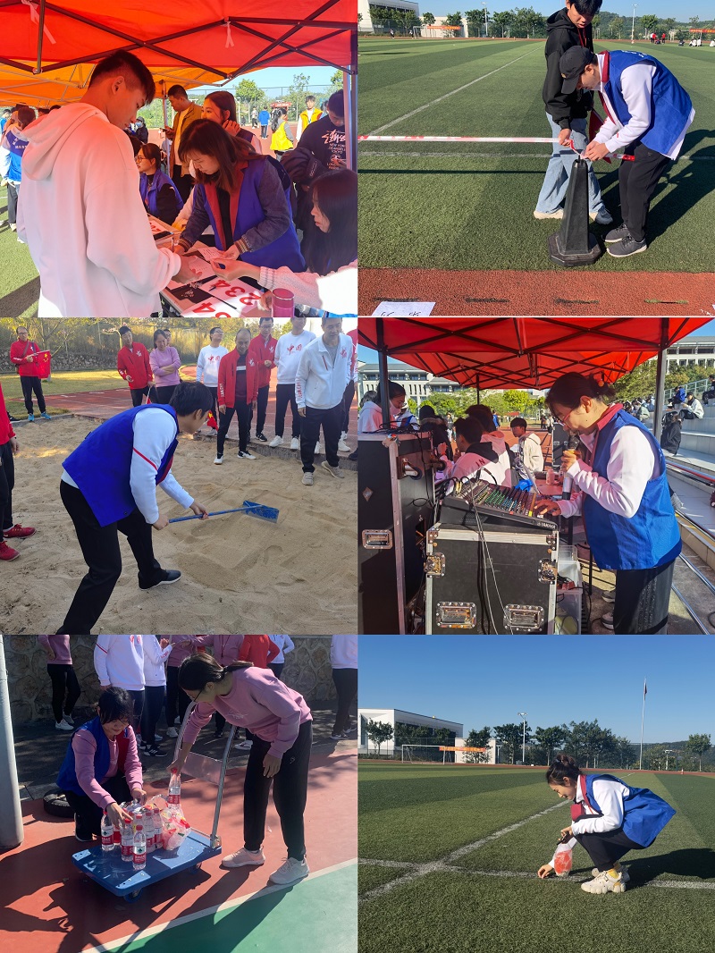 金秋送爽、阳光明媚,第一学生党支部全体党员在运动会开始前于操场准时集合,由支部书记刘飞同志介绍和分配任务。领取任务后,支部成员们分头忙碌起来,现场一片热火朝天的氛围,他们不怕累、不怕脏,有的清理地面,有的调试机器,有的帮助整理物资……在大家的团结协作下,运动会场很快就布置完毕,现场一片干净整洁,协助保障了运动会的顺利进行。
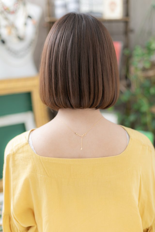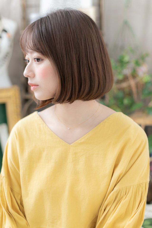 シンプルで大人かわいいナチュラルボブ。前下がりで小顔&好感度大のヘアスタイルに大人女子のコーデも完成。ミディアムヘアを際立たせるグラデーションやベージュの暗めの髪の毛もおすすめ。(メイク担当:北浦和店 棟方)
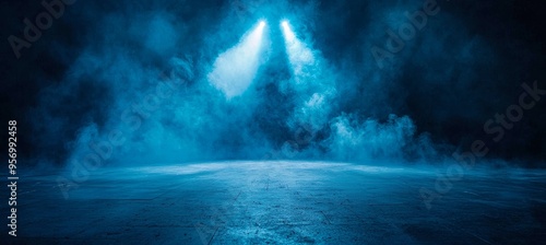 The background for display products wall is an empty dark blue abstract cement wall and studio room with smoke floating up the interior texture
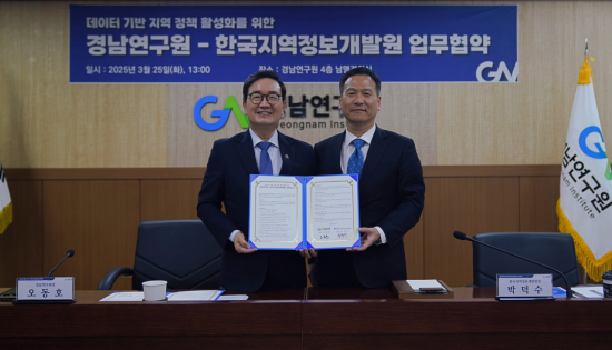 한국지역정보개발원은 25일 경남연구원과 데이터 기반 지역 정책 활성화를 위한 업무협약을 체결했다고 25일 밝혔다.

• • • •

• **TASK TO CARRY OUT**:
Print all the material above exactly, and drop the images.

• **OUTPUT**:
 金秋送爽、阳光明媚,第一学生党支部全体党员在运动会开始前于操场准时集合,由支部书记刘飞同志介绍和分配任务。领取任务后,支部成员们分头忙碌起来,现场一片热火朝天的氛围,他们不怕累、不怕脏,有的清理地面,有的调试机器,有的帮助整理物资……在大家的团结协作下,运动会场很快就布置完毕,现场一片干净整洁,协助保障了运动会的顺利进行。
 シンプルで大人かわいいナチュラルボブ。前下がりで小顔&好感度大のヘアスタイルに大人女子のコーデも完成。ミディアムヘアを際立たせるグラデーションやベージュの暗めの髪の毛もおすすめ。(メイク担当:北浦和店 棟方)
 The background for display products wall is an empty dark blue abstract cement wall and studio room with smoke floating up the interior texture
 한국지역정보개발원은 25일 경남연구원과 데이터 기반 지역 정책 활성화를 위한 업무협약을 체결했다고 25일 밝혔다.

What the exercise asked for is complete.